Materiality is the magnitude of misstatements in the Financial Statements that, individually or in aggregate,
makes it probable that the economic decisions of a reasonably knowledgeable user of the Financial Statements
may be influenced. We considered quantitative materiality and qualitative factors in (i) planning the scope
of our audit work and in evaluating the results of our work; and (ii) to evaluate the effect of any identified
misstatements in the Financial Statements.

We communicate with those charged with governance regarding, among other matters, the planned scope
and timing of the audit and significant audit findings, including any significant deficiencies in internal control
that we identify during our audit.

We also provide those charged with governance with a statement that we have complied with relevant ethical
requirements regarding independence, and to communicate with them all relationships and other matters
that may reasonably be thought to bear on our independence, and where applicable, related safeguards.

Report on Other Legal and Regulatory Requirements

1. As required by the Companies (Auditor's Report) Order, 2020 ("the Order"), issued by the Central
Government of India in terms of sub-section (11) of Section 143 of the Act, we give in the
"Annexure A",
a statement on the matters specified in paragraphs 3 and 4 of the Order.

2. As required by Section 143 (3) of the Act, we report that:

(a) We have sought and obtained all the information and explanations which to the best of our
knowledge and belief were necessary for the purposes of our audit.

(b) In our opinion, proper books of account as required by law have been kept by the Company so far as
it appears from our examination of those books.

(c) The Balance Sheet, the Statement of Profit and Loss including Other Comprehensive Income, the
Cash Flow Statement and Statement of Changes in Equity dealt with by this report are in agreement
with the books of account;

(d) I n our opinion, the aforesaid financial statements comply with the Indian Accounting Standards
specified under Section 133 of the Act, read with Rule 7 of the Companies (Indian Accounts Standards)
Rules, 2015 as amended;

(e) On the basis of the written representations received from the directors as on 31st March, 2025 taken
on record by the Board of Directors, none of the directors are disqualified as on 31st March, 2025 from
being appointed as a director in terms of Section 164 (2) of the Act.

(f) With respect to the adequacy of the internal financial controls over financial reporting of the Company
and the operating effectiveness of such controls, refer to our separate report in
"Annexure B"; and

(g) I n our opinion, the managerial remuneration for the year ended March 31, 2025 has been paid /
provided by the Company to its directors in accordance with the provisions of section 197 read with
Schedule V to the Act.

(h) With respect to the other matters to be included in the Auditor's Report in accordance with Rule 11
of the Companies (Audit and Auditors) Rules, 2014, as amended, in our opinion and to the best of our
information and according to the explanations given to us:

i.

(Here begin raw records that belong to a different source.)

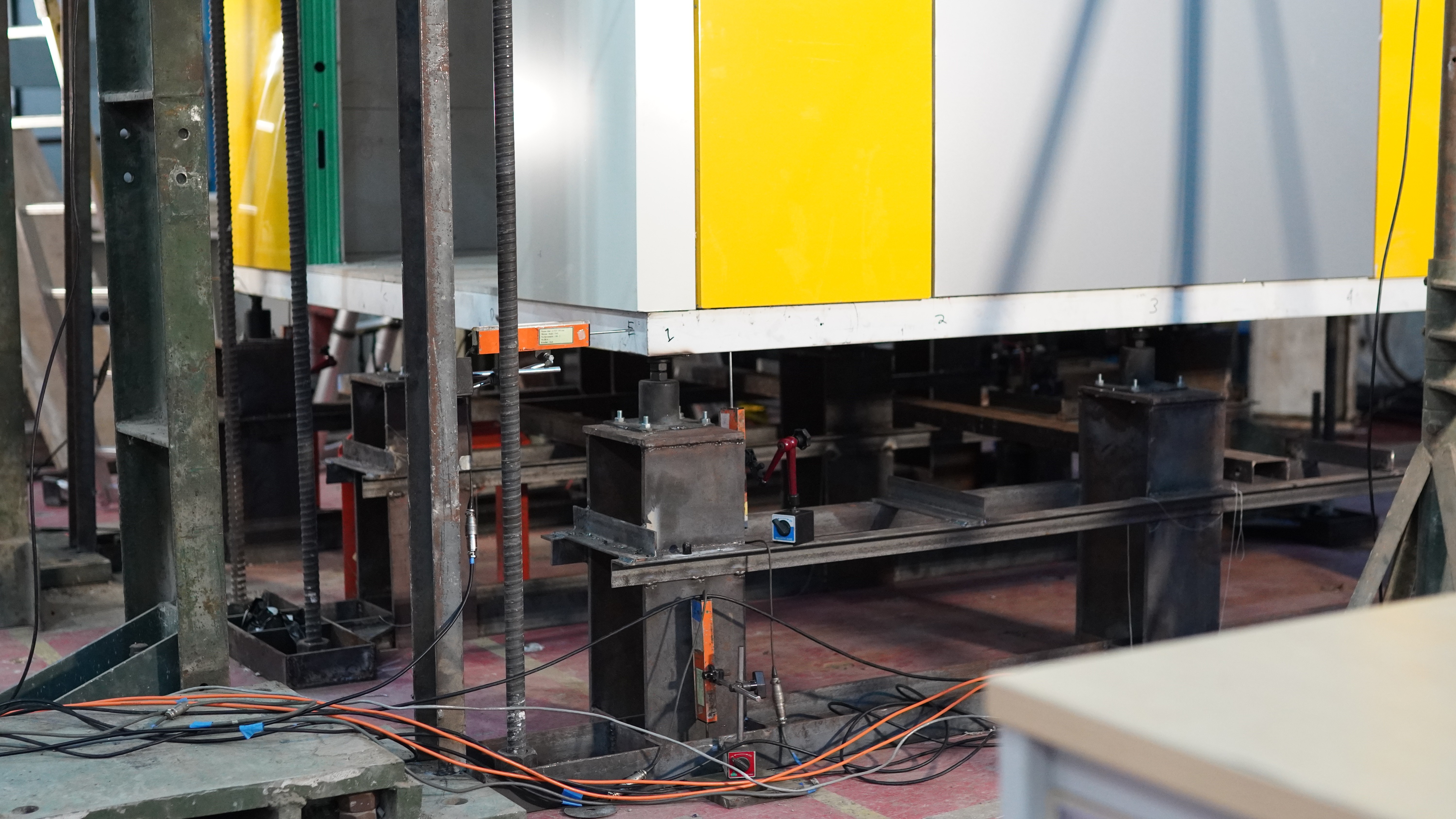 Untuk memastikan pengukuran yang akurat, pengujian menggunakan alat LVDT (Linear Variable Differential Transformer). Alat ini mencatat defleksi, yaitu perubahan bentuk atau perpindahan struktur, baik pada balok, kolom, maupun elemen lain saat menerima beban gempa buatan.
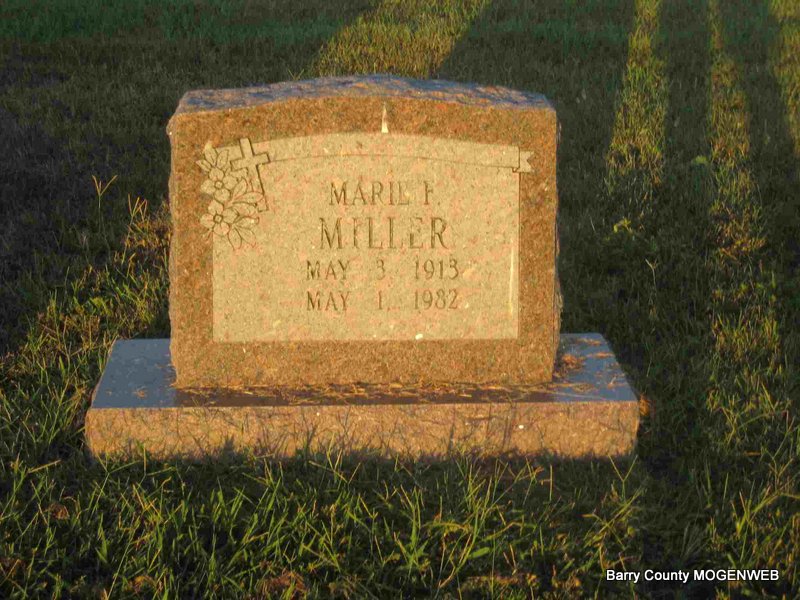 | MILLER, Marie F. (ELBERT) | May 3, 1913 | May 1, 1982 | Research Note: Daughter of Andrew John Elbert and Rosa Ella Patton, buried at Oak Ridge Cemetery. Her husband was Carl Fred Miller. | Census Phyllis Long Photo Elmer Thorn |
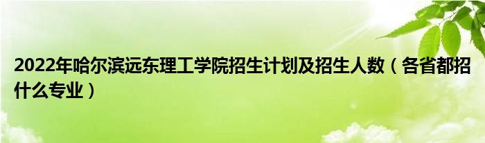 大家好,小高來(lái)為大家解答以上問(wèn)題。2022年哈爾濱遠(yuǎn)東理工學(xué)院招生計(jì)劃及招生人數(shù),各省都招什么專業(yè)很多人還不知道,現(xiàn)在讓我們一起來(lái)看看吧!
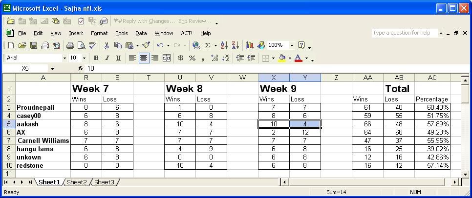 week 9 results: aakash bro is in a roll. getting 10 rights past 2 weekend. i don't think i have done this bad ever. - big Ben and steelers are for real - seems Drew Breese of Chargers going to be most coveted free agent this year. Isn?t he supposed to play great like he is doing when he came out of Purdue? - what?s up with Colts defense? They going anywhere with that kinda defense. Wasn?t Tony Dungy regarded as the defensive genius??? - Dolphins loss was unbearable. They blew the lead in the end and what?s up with Dolphins defense??? Secondary??? It seems coach is going to be fired. Ricky ?POTHEAD? Williams should take all the blame. - cowboys???

The Company did not have any pending litigations, which have impact on its financial position
in its financial statements except Income Tax appeal is pending for the AY 2012-13 and outcome
of appeal is awaited (Refer Note 32).

ii. The Company did not have any long-term contracts including derivative contracts for which
there were any material foreseeable losses.

iii. There were no amounts required to be transferred to the Investor Education and Protection
Fund by the Company during the year ended 31st March, 2025.

iv. (a) The management has represented that, to the best of its knowledge and belief, no funds

have been advanced or loaned or invested (either from borrowed funds or share premium
or any other sources or kind of funds) by the Company to or in any other person or entity,
including foreign entities ("Intermediaries"), with the understanding, whether recorded
in writing or otherwise, that the Intermediary shall, whether, directly or indirectly lend or
invest in other persons or entities identified in any manner whatsoever by or on behalf of
the Company ("Ultimate Beneficiaries") or provide any guarantee, security or the like on
behalf of the Ultimate Beneficiaries;

(b) The management has represented that, to the best of its knowledge and belief, no funds
have been received by the Company from any persons or entities, including foreign
entities ("Funding Parties"), with the understanding, whether recorded in writing or
otherwise, that the Intermediary shall, whether, directly or indirectly, lend or invest in other
persons or entities identified in any manner whatsoever by or on behalf of the Company
("Ultimate Beneficiaries") or provide any guarantee, security or the like on behalf of the
Ultimate Beneficiaries;

(c) Based on such audit procedures that have been considered reasonable and appropriate in
the circumstances, nothing has come to our notice that has caused us to believe that the
representations under sub-clause (a) and (b) contain any material misstatement.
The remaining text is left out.